My closest friends were not that hard to find. I had found them easily wandering down the hall trying to find someone else. They were doing what everyone else was doing, looking for someone. The bizarre part about everyone's reaction was that no one was rushing off campus. Everyone was too scared to leave one of the last normal things there was in their lives. Eventually though you have to leave.
I had parted with my friends that day underneath the arch of knowledge in front of my school. We all promised to call after we went home to see our families. Some of us rushed home and others took the longest roads and slowest speed dreading reaching home. Dreading what they would find.
The memory of walking through my front door that day will forever be imbedded in my mind. I had hardly appeared in the doorway when I saw my mother. She was sitting on our black leather couch, remote control in hand, watching the news. Her cheeks were stained with mascara black tears. Her eyes were emotionless as she turned to look at me. Her expression said everything. She was numb with disbelief.
I remember falling apart right at that moment. It was something about seeing my mother completely without hope that made me reach my breaking point. It was then that I let myself realize the extent of my problems. It was then that I realized it was all truly happening.
You always wish for something to happen so that you would not have to go to school. Well that has finally happened. After Monday I never went back.
After given the date of your death you would think that most people would fly to Europe or somewhere they had always desired to go. Some did go on their dream vacations, booking them mere minutes after they heard the news. Most did not leave the country or their town. Most stayed.
My mother had barely spoken since that day. She mostly has just sat in the very same spot in front of the TV, unsure if she should move. At first I tried to talk to her. On Monday, the day we heard the news, I had gone to her side and hugged her. I kept saying over and over that we would be okay. She sat motionless and did not say anything.
"I'm leaving," I said as I turned the doorknob and shoved the door open.
I walked through not even waiting for a response. I knew she heard me. Her lack of response did not bother me since it was not the first time.
I had made plans with one of my friends that day. We were planning to walk through town and just soak up the atmosphere. We just wanted to enjoy our last few days.
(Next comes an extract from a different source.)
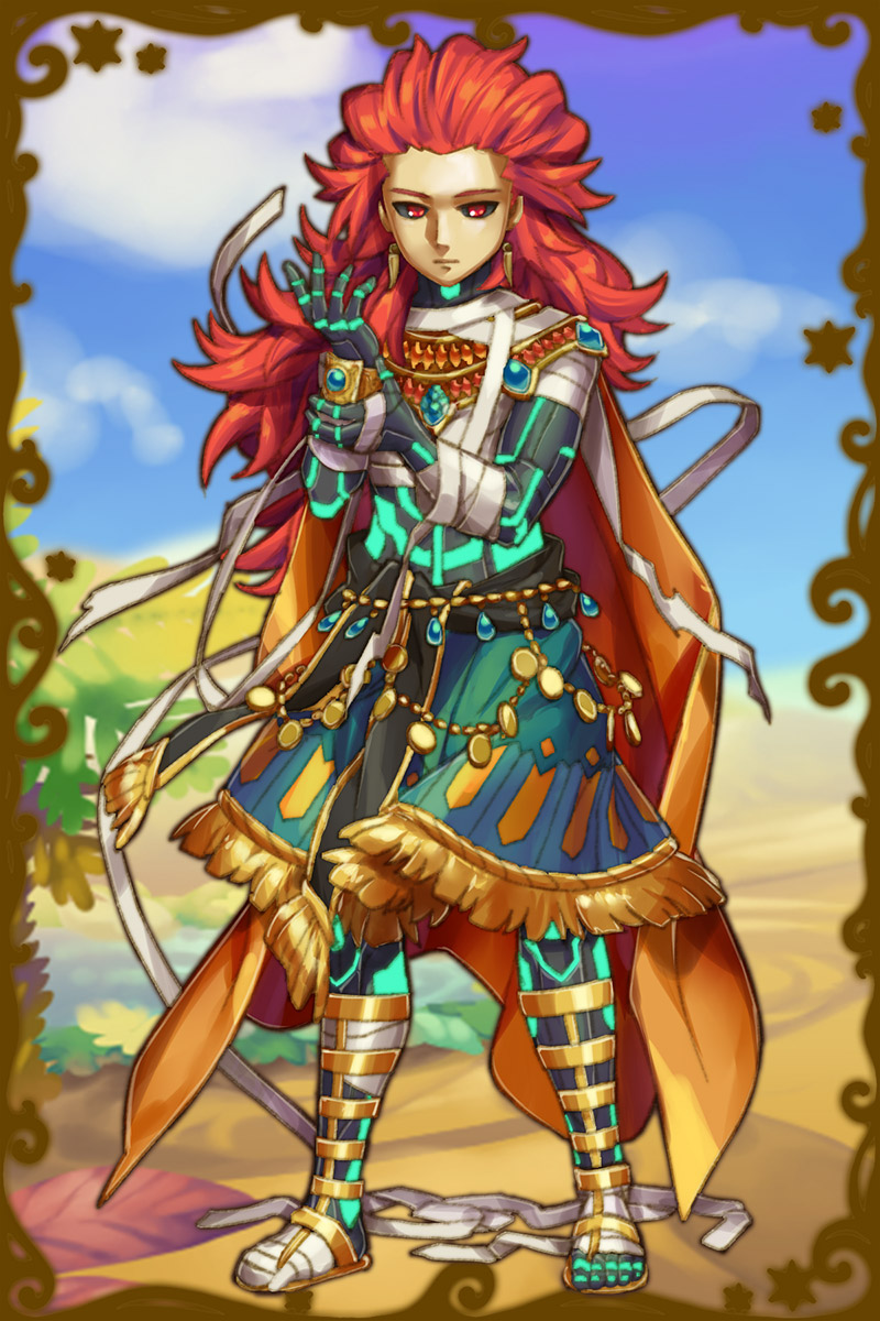 - 初期状態 :雄ライオンの顔を持ち3つの頭と4本の腕を持つ形で表された神。冷静沈着で、機械的な性格。他人の感情を分析することはできるが、理解することはできない。歌や絵など文化的なものを理解できず、データとしての情報処理のみ可能。徹底的に無駄を省き、常に最善の行動を取る。そのためには多少の犠牲はいとわない。

“Hey.” I said as I approached my friend that sat on a small bench outside a gas station that was a few blocks from my house.
“How is your mom?” they asked as they stood from the bench.
It could have been any day by how we were acting.
“One of my neighbors left on a trip yesterday to Tokyo,” commented my friend as we started to walk down the sidewalk.
“That is cool which one?” I asked distracted by looking around.
I could not help but to notice the dire state the town seemed to be in. Gone were the days of bustling shoppers rushing home and busy workers rushing to their jobs. Cars were even less frequent on the road. People that were out only seemed to be out just to wander around and give them something to do.
“The family that lives in the red brick house with a white door was the ones that went.”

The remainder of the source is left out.